THE RECORDS:
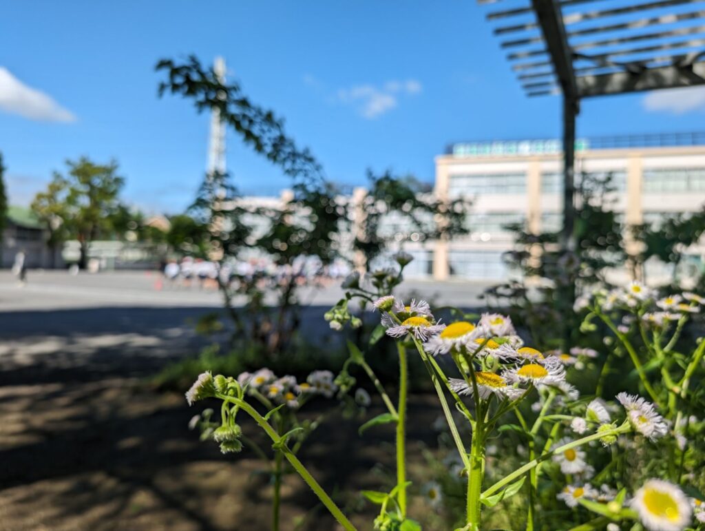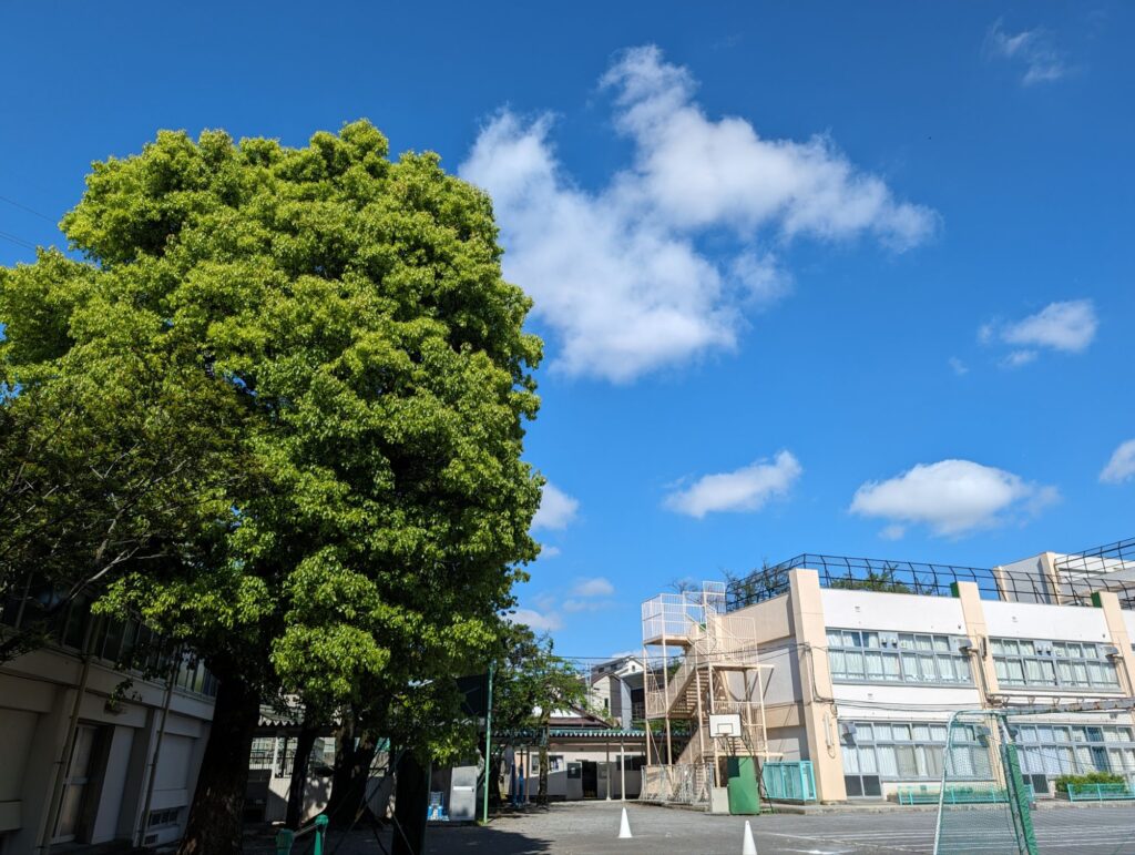 学校全体今朝、通勤途中に、太陽の光がまぶしいなあと感じました。
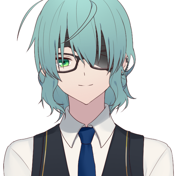 青い髪にオッドアイが特徴的な男性。中性的な容姿と声色をしている。
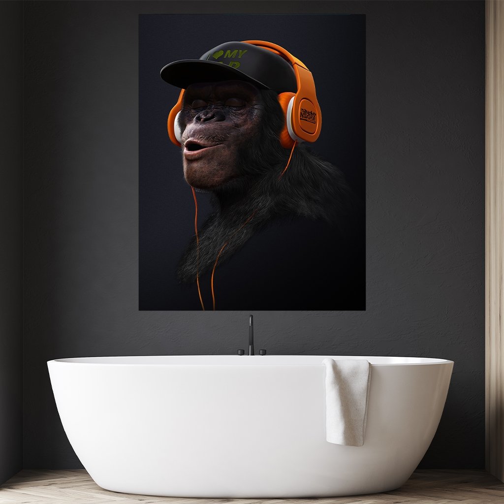 Auf dem Motiv findest du einen Schimpanse (Affe) mit einer Baseball Mütze und einem orangenen Kopfhörer. Es bedeutet "nichts hören".
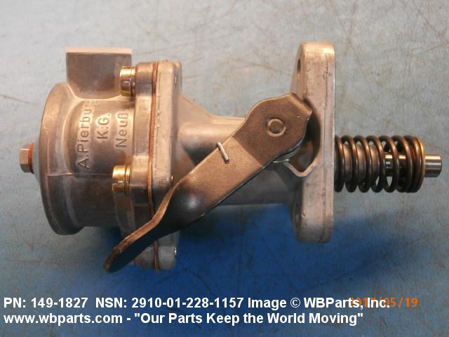 2910-01-228-1157 A device designed to transfer liquid fuel from a tank to a carburetor, or fuel injector metering and distribution pump of an internal combustion engine. Reciprocating motion of the diaphragm(s) is actuated through linkage from the engine camshaft. It may include a diaphragm actuated vacuum booster. Excludes electrical and rotor type engine fuel pumps.20229100042Engine Fuel System Components, Nonaircraft29150064Engine Fuel System Components, Aircraft and Missile Prime Movers
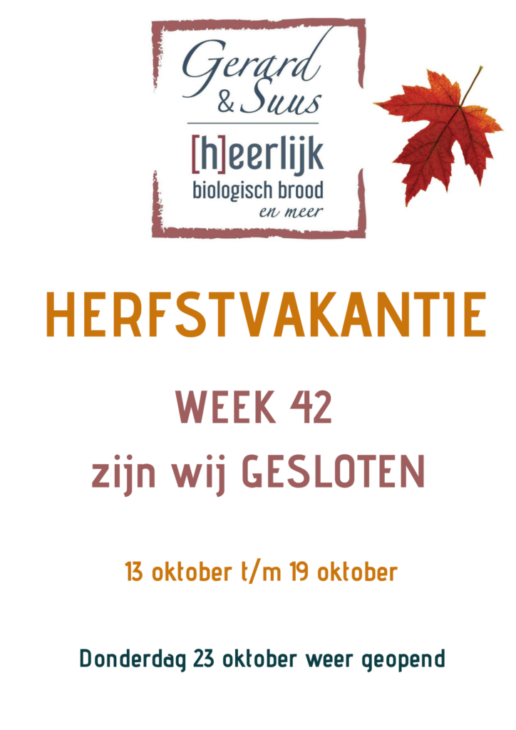 We zijn vanaf 7 augustus nog open op de donderdag, de vrijdag en de zaterdag. De overige dagen gebruiken we voor de voorbereidingen, administratie, alles wat er verder bij komt kijken en hopelijk ook hier en daar een uurtje vrij. Op dit moment werken Gerard, Suus en Corianne alle drie tenminste 80 uur per week en dat is een beetje teveel van het goede. Zeker ook omdat Gerard al pensioen krijgt en hij graag alle kennis die hij in zijn bakkersleven heeft verzameld niet alleen door wil geven in onze bakkerij, maar ook daarbuiten.
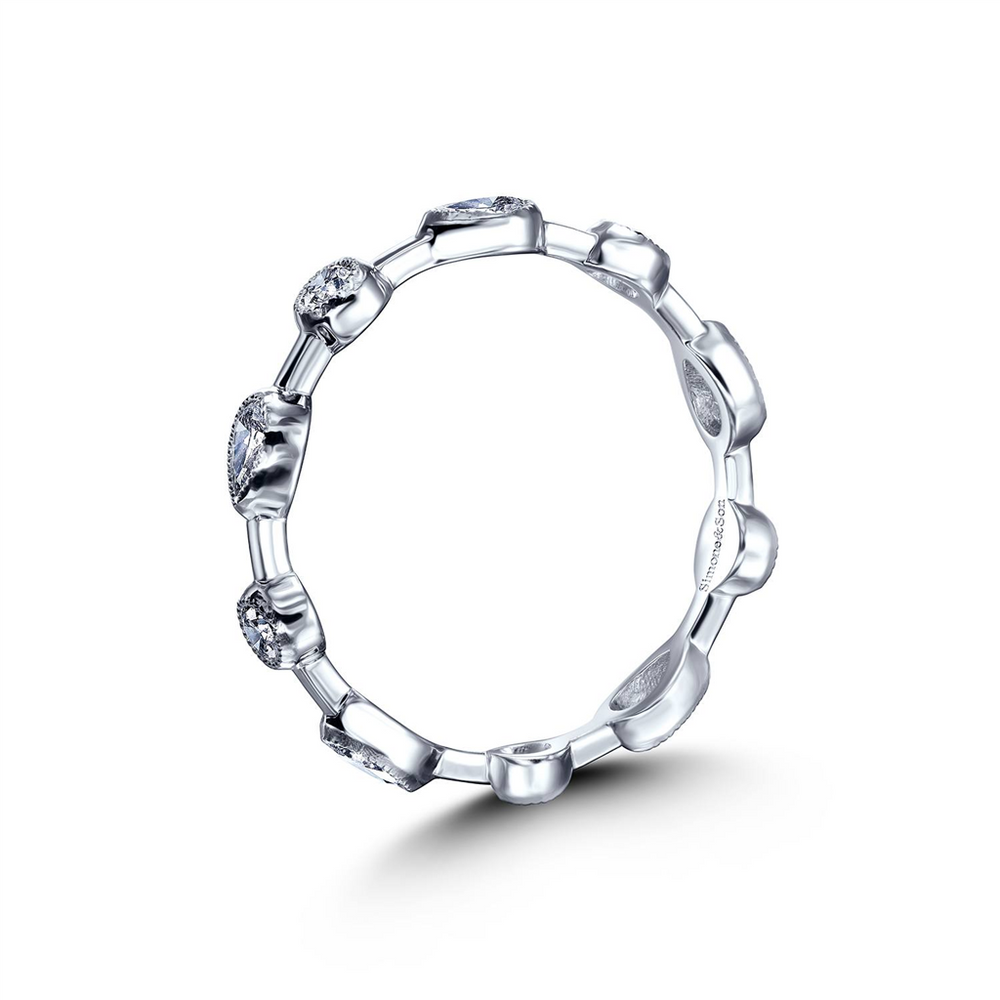 This stunning 14K white gold bezel band features a unique negative space design with bezel settings and a subtle millegrain finish. It is set with round and pear shaped diamonds, totaling approximately 0.55cts, with G color and VS clarity.
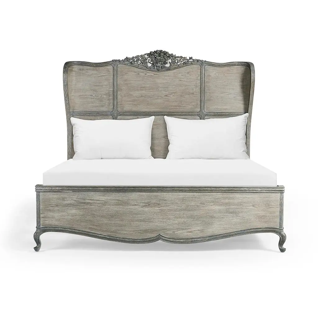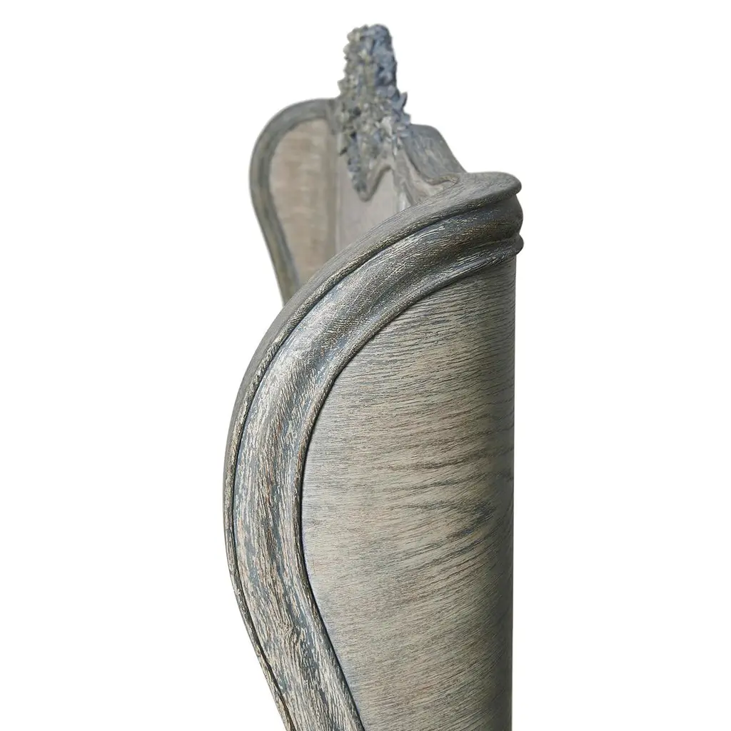 The chipped blue oak finish adds a touch of vintage charm, while the meticulous hand-carved solid oak floral adornment showcases the dedication to artisanal craftsmanship. Cabriole legs add a touch of elegance to its silhouette, elevating its aesthetic appeal, while the subtle wing headboard provides a cozy and comfortable backdrop, making it the perfect spot for relaxation, reading, or simply indulging in a moment of reprieve.Dimensions: 83.38" W x 86.5" D x 69.75" HFeatures:Chipped Blue OakOak Solids & VeneersHand-carved, solid oak floral adornmentHand-applied paint stripped off to create the chipped blue finishCabriole legsSubtle wing headboardBox spring required

ABOUT THIS EXERCISE:
In the copy, include every line of the entries above exactly and none of the pictures.

SOLVED PROBLEM:
 学校全体今朝、通勤途中に、太陽の光がまぶしいなあと感じました。
 青い髪にオッドアイが特徴的な男性。中性的な容姿と声色をしている。
 Auf dem Motiv findest du einen Schimpanse (Affe) mit einer Baseball Mütze und einem orangenen Kopfhörer. Es bedeutet "nichts hören".
 2910-01-228-1157 A device designed to transfer liquid fuel from a tank to a carburetor, or fuel injector metering and distribution pump of an internal combustion engine. Reciprocating motion of the diaphragm(s) is actuated through linkage from the engine camshaft. It may include a diaphragm actuated vacuum booster. Excludes electrical and rotor type engine fuel pumps.20229100042Engine Fuel System Components, Nonaircraft29150064Engine Fuel System Components, Aircraft and Missile Prime Movers
 We zijn vanaf 7 augustus nog open op de donderdag, de vrijdag en de zaterdag. De overige dagen gebruiken we voor de voorbereidingen, administratie, alles wat er verder bij komt kijken en hopelijk ook hier en daar een uurtje vrij. Op dit moment werken Gerard, Suus en Corianne alle drie tenminste 80 uur per week en dat is een beetje teveel van het goede. Zeker ook omdat Gerard al pensioen krijgt en hij graag alle kennis die hij in zijn bakkersleven heeft verzameld niet alleen door wil geven in onze bakkerij, maar ook daarbuiten.
 This stunning 14K white gold bezel band features a unique negative space design with bezel settings and a subtle millegrain finish. It is set with round and pear shaped diamonds, totaling approximately 0.55cts, with G color and VS clarity.
 The chipped blue oak finish adds a touch of vintage charm, while the meticulous hand-carved solid oak floral adornment showcases the dedication to artisanal craftsmanship. Cabriole legs add a touch of elegance to its silhouette, elevating its aesthetic appeal, while the subtle wing headboard provides a cozy and comfortable backdrop, making it the perfect spot for relaxation, reading, or simply indulging in a moment of reprieve.Dimensions: 83.38" W x 86.5" D x 69.75" HFeatures:Chipped Blue OakOak Solids & VeneersHand-carved, solid oak floral adornmentHand-applied paint stripped off to create the chipped blue finishCabriole legsSubtle wing headboardBox spring required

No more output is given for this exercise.